2017 was a prosperous year for the private equity industry—no wonder it seemed to go by so quickly! According to Pitchbook’s third quarter 2017 US PE Breakdown report, fundraising reached $178 billion by the end of the third quarter. That included the record-breaking $24.7 billion raised by Apollo Global management for its new buyout fund, which made it the largest buyout fund ever raised.

On the dealmaking side, private equity firms invested $402 billion across 2,820 transactions through the third quarter—not a record, but still healthy. So where does that leave us for 2018?

Industry professionals far and wide are saying the same thing: This bull market can’t last forever.

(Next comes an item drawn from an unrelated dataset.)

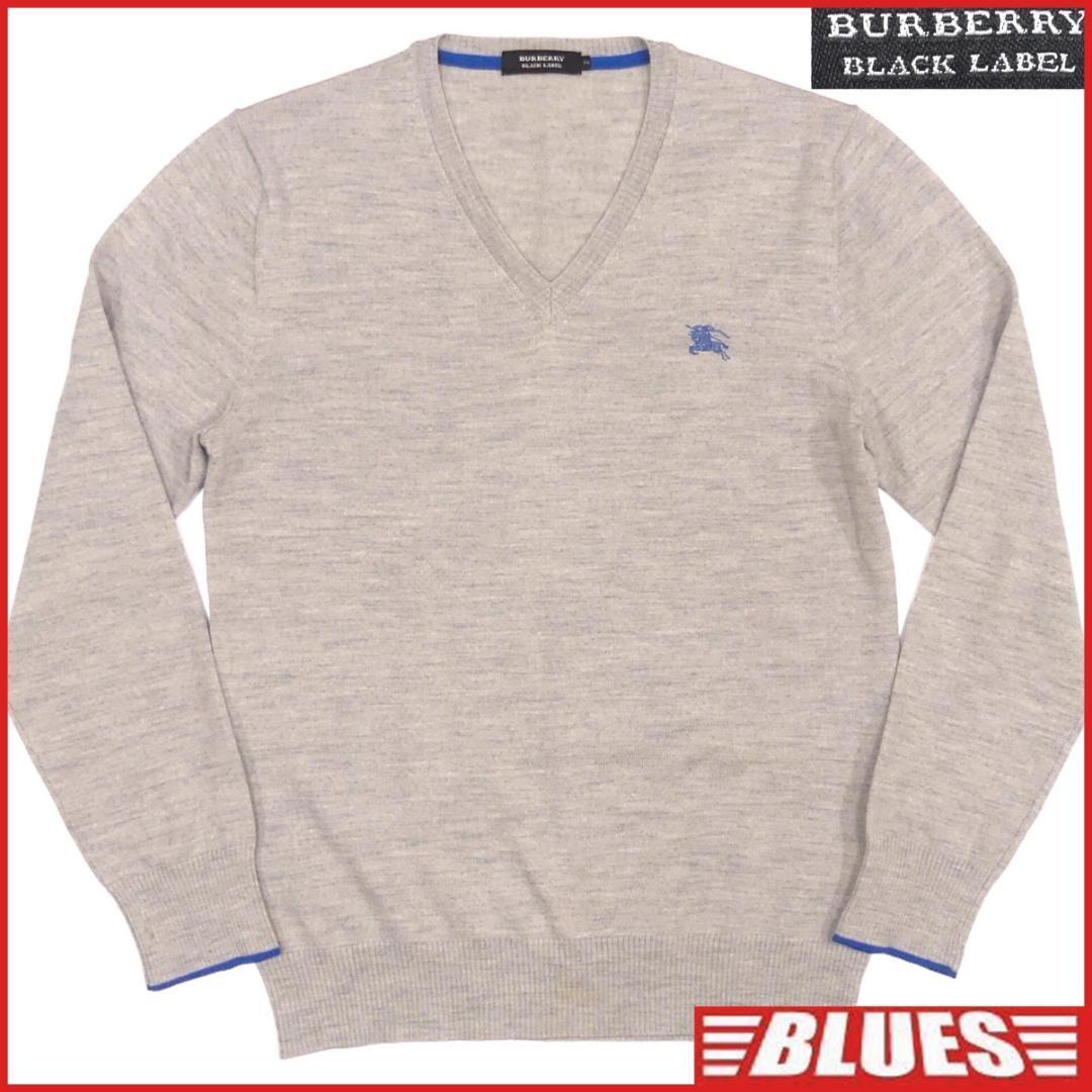 即決★BURBERRY BLACK LABEL★メンズ M 廃版 ニット セーター バーバリーブラックレーベル 2 グレー 三陽商会正規 ナイト刺繍

On the other hand, they aren’t pointing to any particular clouds on the horizon either. Sure, as I write this, everyone is wondering if Congress will pass a new tax law and the impact it might have on M&A, and there are ongoing concerns over deal pricing and the intensity of the competition for high quality opportunities. But private equity firms have more capital than ever and macro-economic conditions remain strong, pointing to another robust year for the industry.

“In the near term, we expect the hot market to continue,” says Gretchen Perkins, a partner with Huron Capital. “Debt continues to be readily available to support acquisitions and there are plenty of deals in market and soon-to-be taken to market.” In other words, there’s nothing pointing to an imminent slow down.

Of course, the industry should make the most of these conditions while they last. That said, however, it should also remain thoughtful about its use of leverage and the nature of the deals that it undertakes.

Deal volume, while generally healthy, is down from 2016, and it’s no secret that high valuations and questions about deal quality persist. We don’t want 2019 or 2020 to look like 2009 or 2010, do we? So, here’s hoping that the industry has learned from its past mistakes. Deal makers need to stay disciplined; those who are tempted by all the dry powder that’s available aren’t likely to be part of the conversion the next time around.

But don’t let me dampen your spirits. Happy New Year one and all!